:: Data ::

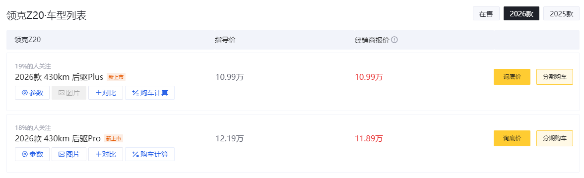 那么在这其中,比较典型的案例有领克旗下的“Z20”,其作为一台定位A级尺寸的纯电SUV,在刚刚上市之初,以及到今年的4月份,基本上处于一个高销量的状态,但从5月份开始,领克Z20的销量就陷入了持续下滑的状况。至于原因,个人认为与比亚迪方程豹钛3上市有直接关系。所以为了进一步的提高领克Z20的被关注度,该车最近上市了两款430公里续航的低配版,起步价从之前的13.59万元直接降到了10.99万元。
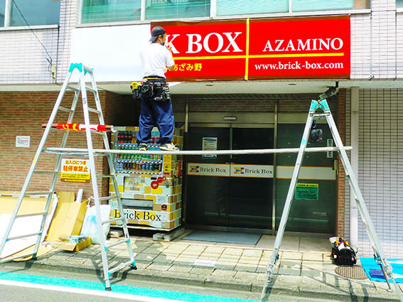古い看板の板面を無理に剥がすとフレームが破損してしまいそうなので、新しい板面を上から固定してシートを貼りましたが、暑すぎてシートもテロテロになってしまい職人さんも悪戦苦闘。何とか3箇所貼り替え終えてイメージも一新できました。
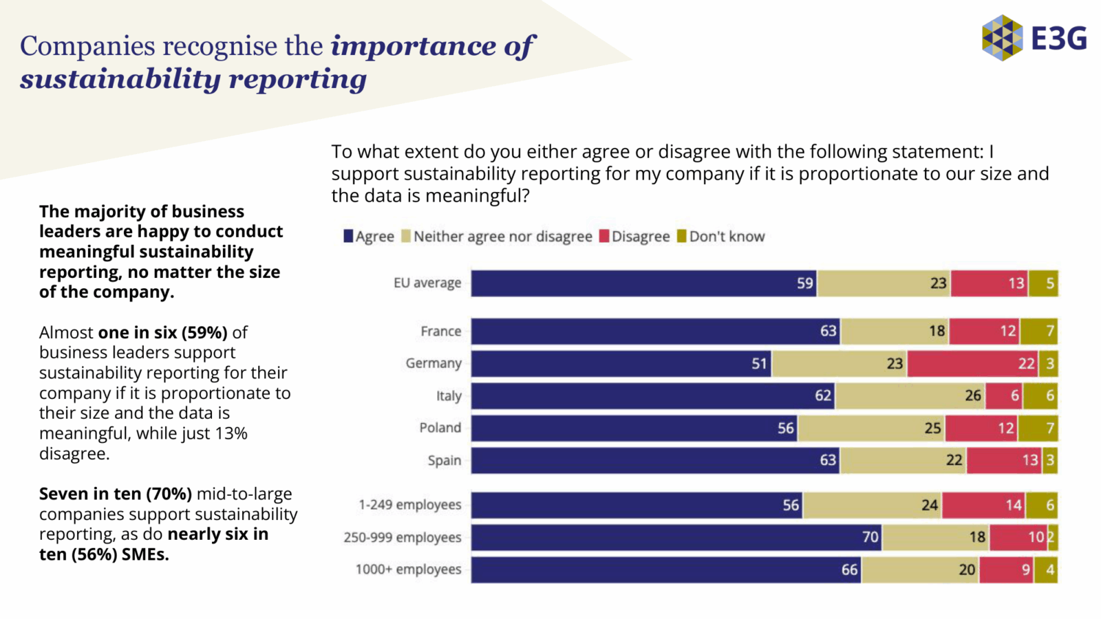 Eine aktuelle Umfrage von E3G/YouGov (👉 hier geht es zur Studie "What European business leaders think about the EU’s corporate sustainability and due diligence rules) unter 2.543 Führungskräften in Deutschland, Frankreich, Spanien, Italien und Polen zeigt genau das: Unternehmer wollen nicht weniger Nachhaltigkeit – sie wollen klare, faire Regeln und Planungssicherheit. Denn: Sustainable business is competitive business.
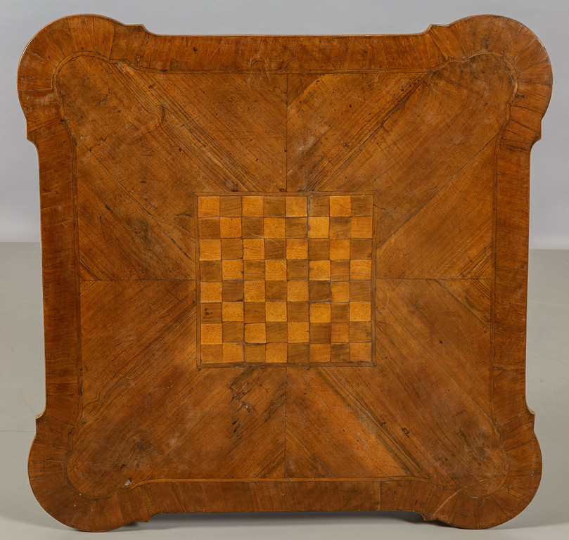 Tavolo da gioco Luigi XIV piano lastronato con al centro scacchiera Emilia sec.XVIII

:: Exercise description ::
Starting with the line that holds "古い看板の板面を無理に剥がす", print each line through the last one of the data exactly as written, but do not include the pictures.

:: Task output ::
古い看板の板面を無理に剥がすとフレームが破損してしまいそうなので、新しい板面を上から固定してシートを貼りましたが、暑すぎてシートもテロテロになってしまい職人さんも悪戦苦闘。何とか3箇所貼り替え終えてイメージも一新できました。
 Eine aktuelle Umfrage von E3G/YouGov (👉 hier geht es zur Studie "What European business leaders think about the EU’s corporate sustainability and due diligence rules) unter 2.543 Führungskräften in Deutschland, Frankreich, Spanien, Italien und Polen zeigt genau das: Unternehmer wollen nicht weniger Nachhaltigkeit – sie wollen klare, faire Regeln und Planungssicherheit. Denn: Sustainable business is competitive business.
 Tavolo da gioco Luigi XIV piano lastronato con al centro scacchiera Emilia sec.XVIII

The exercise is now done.